*** Opening of Task data ***

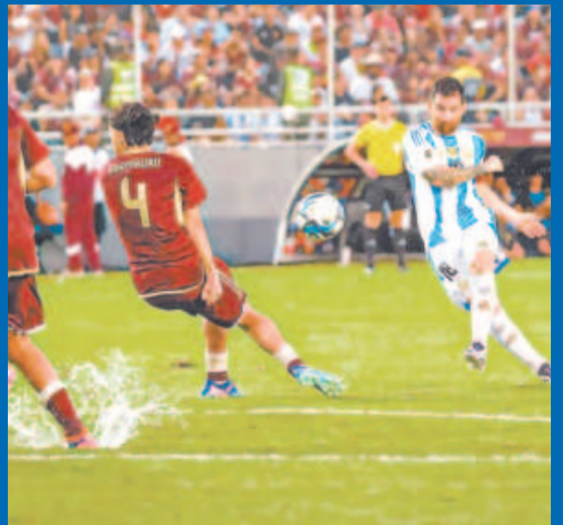
El argentino Lionel Messi remata ante dos defensores venezolanos.
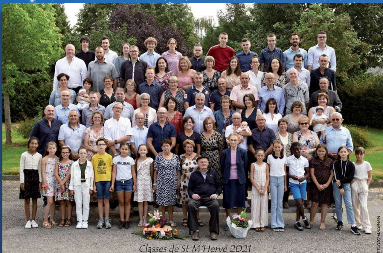
Classes de St M'Hervé 2021
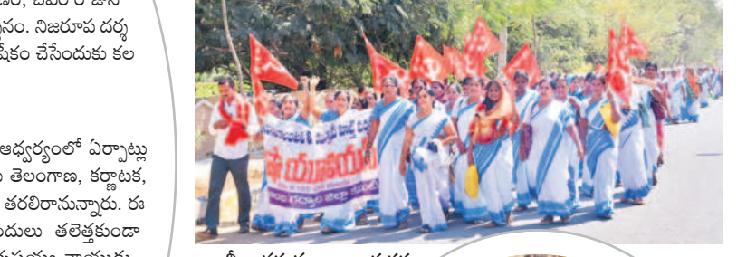
రాల్ గా వస్తున్న ఆశా కార్యకర్తలు

గద్వాల, ఫిబ్రవరి 9 : పెండింగ్ లో ఉన్న పారితోషికాలను చెల్లించాలని, గత ప్రభుత్వ హామీలను అమలు చేయాలని కోరుతూ ఆశా వర్షం కలెక్టరేట్ ఎదుట శుక్రవారం ఆందోళన చేపట్టారు. ఈ సందర్భంగా వారు మాట్లాడుతూ గత ప్రభుత్వం ప్రతి నెలా 2వ తేదీన తమ ఖాతాల్లో పారితోషికాల జమ చేసేదని ప్రస్తుతం రెండు నెలల దాటినా వాటిని చెల్లించక పోవడంతో అప్పులు చేయాల్సి వస్తున్నదని వాపోయారు. అభయపాపం, మహా లక్ష్మి వంటి అదనపు పనులు చేయిస్తున్నారని, వాటిని తమకు అప్పగించాల్సి కోరారు. ఏఎన్ డివిజన్ లో పేరుకు టార్గెట్ పెట్టి భయభ్రాంతులకు గురిచేసి విధానాన్ని రద్దు చేయాలని, సమ్మె సందర్భంగా ఇచ్చిన హామీలు నెరవేర్చాలని డిమాండ్ చేశారు. ప్రమాద బీమా కింద చాలా 5లక్షలు చెల్లింపాలని, ప్రమాదాన్ని ప్రస్తుతి సెలవులు వంటి పలు డిమాండ్లతో కూడిన వినవలెనైనా కలెక్టరేట్ ఏవో కు అందజేశారు.
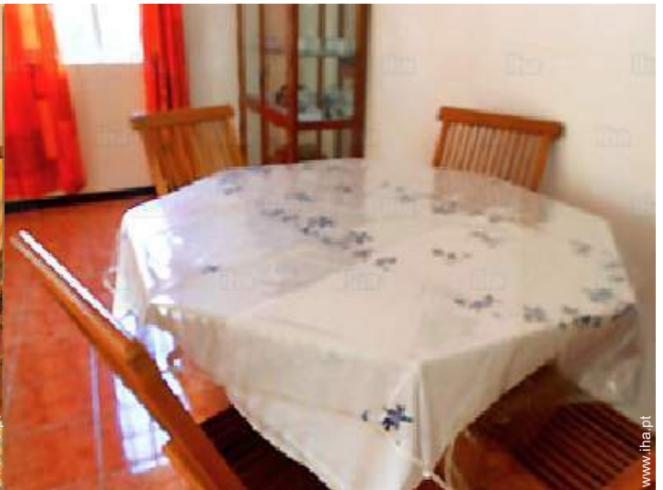
sala de jantar
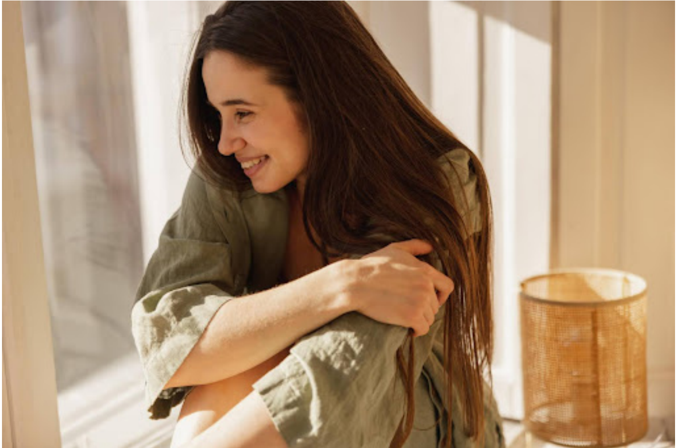
Ilustrasi wanita yang sedang duduk tersenyum

Tanamkan kebiasaan untuk mengutamakan kebutuhan dan keinginan pribadi. Ini bukan tanda egoisme, melainkan kepedulian terhadap kesejahteraan diri.
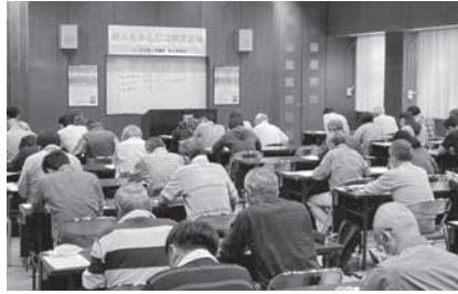
新ふるさと日立検定試験
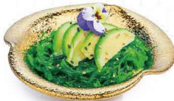
37 | GOMA AVOCADO 🍣 🌱 insalata di alghe*leggermente, piccante, avocado €5.00 🌱
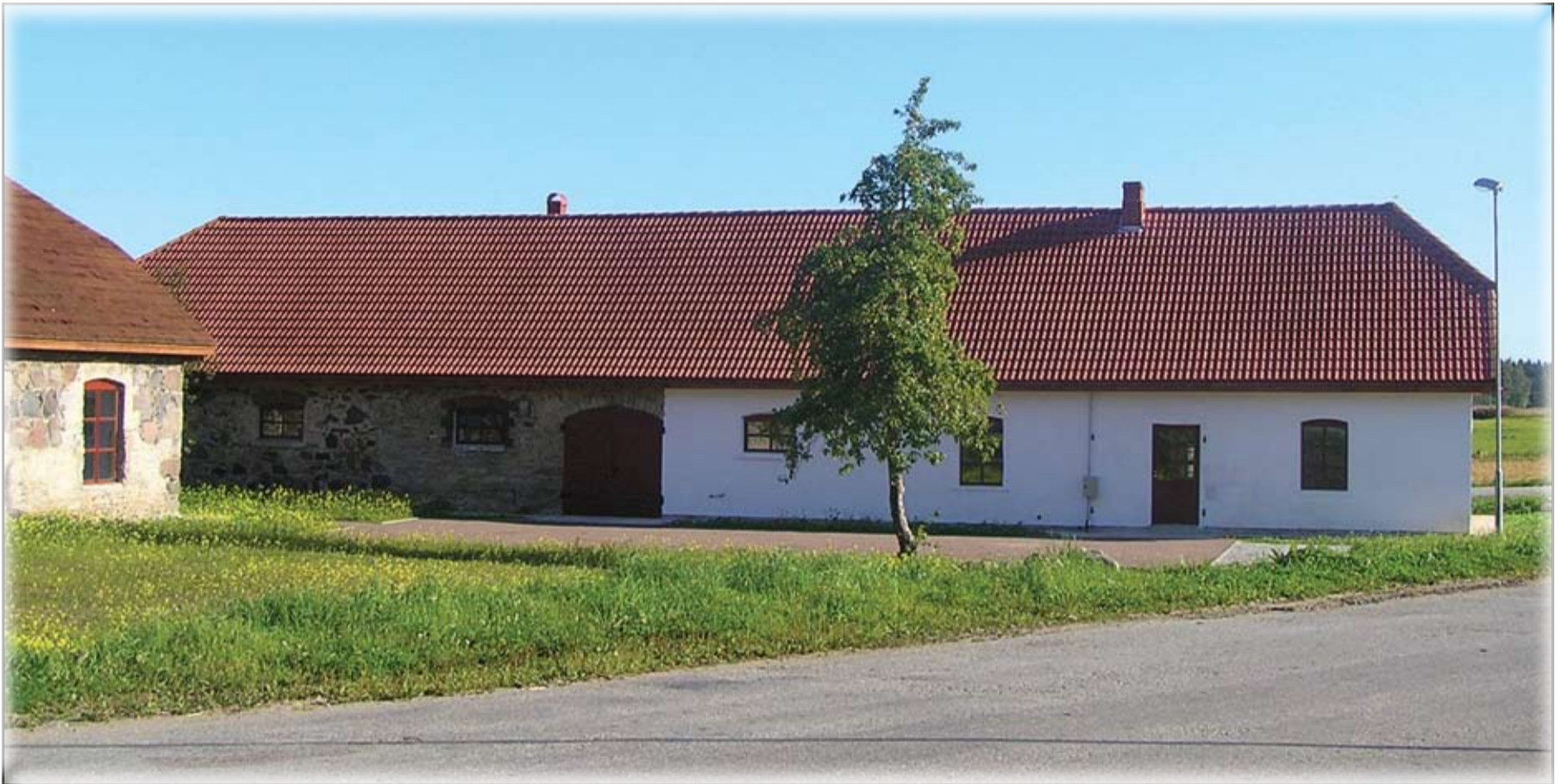
Jahimeeste seltsi muretsetud keraamikaahi hakkab asuma Maidla noortekeskuses, mis peaks ukseid avama selle aasta lõpus.

Lisaks kolme plaadiga keraamikaahjule, kus saab savist nõusid põletada, saab noortekeskus Virumaa Koostöökogu toel endale potikedra ehk savi treipingi,
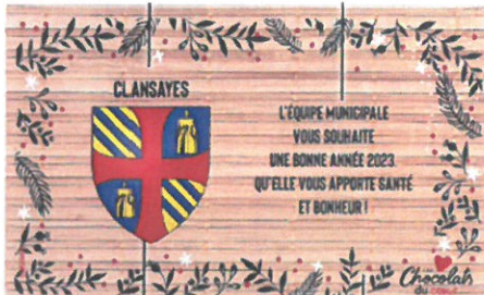
Boîte souvenir au couleurs de la Commune

Comme chaque année en cette période de fêtes, les Elus du CCAS se rendent chez les Clansayais de plus de 80 ans pour leur offrir une boîte de chocolats.
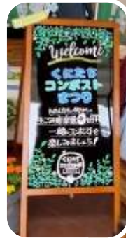
体験デモ バッグ型 | コンポスト体験 (広間 | 特設カウンター)
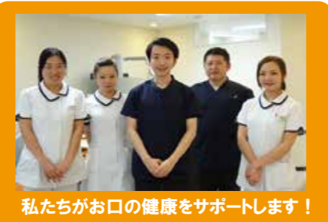
私たちがお口の健康をサポートします！

基本的に保険内診療となりますので、ご安心ください。 ※初診時と毎月初めには保険証などを確認させていただきます。
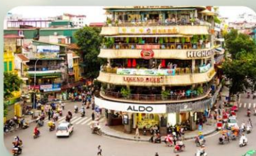
ถนน 36 สาย

*** Close of Task data ***

= Work to be completed =
Print the material exactly as given, but not the pictures.

= Answer below =
El argentino Lionel Messi remata ante dos defensores venezolanos.
Classes de St M'Hervé 2021
రాల్ గా వస్తున్న ఆశా కార్యకర్తలు

గద్వాల, ఫిబ్రవరి 9 : పెండింగ్ లో ఉన్న పారితోషికాలను చెల్లించాలని, గత ప్రభుత్వ హామీలను అమలు చేయాలని కోరుతూ ఆశా వర్షం కలెక్టరేట్ ఎదుట శుక్రవారం ఆందోళన చేపట్టారు. ఈ సందర్భంగా వారు మాట్లాడుతూ గత ప్రభుత్వం ప్రతి నెలా 2వ తేదీన తమ ఖాతాల్లో పారితోషికాల జమ చేసేదని ప్రస్తుతం రెండు నెలల దాటినా వాటిని చెల్లించక పోవడంతో అప్పులు చేయాల్సి వస్తున్నదని వాపోయారు. అభయపాపం, మహా లక్ష్మి వంటి అదనపు పనులు చేయిస్తున్నారని, వాటిని తమకు అప్పగించాల్సి కోరారు. ఏఎన్ డివిజన్ లో పేరుకు టార్గెట్ పెట్టి భయభ్రాంతులకు గురిచేసి విధానాన్ని రద్దు చేయాలని, సమ్మె సందర్భంగా ఇచ్చిన హామీలు నెరవేర్చాలని డిమాండ్ చేశారు. ప్రమాద బీమా కింద చాలా 5లక్షలు చెల్లింపాలని, ప్రమాదాన్ని ప్రస్తుతి సెలవులు వంటి పలు డిమాండ్లతో కూడిన వినవలెనైనా కలెక్టరేట్ ఏవో కు అందజేశారు.
sala de jantar
Ilustrasi wanita yang sedang duduk tersenyum

Tanamkan kebiasaan untuk mengutamakan kebutuhan dan keinginan pribadi. Ini bukan tanda egoisme, melainkan kepedulian terhadap kesejahteraan diri.
新ふるさと日立検定試験
37 | GOMA AVOCADO 🍣 🌱 insalata di alghe*leggermente, piccante, avocado €5.00 🌱
Jahimeeste seltsi muretsetud keraamikaahi hakkab asuma Maidla noortekeskuses, mis peaks ukseid avama selle aasta lõpus.

Lisaks kolme plaadiga keraamikaahjule, kus saab savist nõusid põletada, saab noortekeskus Virumaa Koostöökogu toel endale potikedra ehk savi treipingi,
Boîte souvenir au couleurs de la Commune

Comme chaque année en cette période de fêtes, les Elus du CCAS se rendent chez les Clansayais de plus de 80 ans pour leur offrir une boîte de chocolats.
体験デモ バッグ型 | コンポスト体験 (広間 | 特設カウンター)
私たちがお口の健康をサポートします！

基本的に保険内診療となりますので、ご安心ください。 ※初診時と毎月初めには保険証などを確認させていただきます。
ถนน 36 สาย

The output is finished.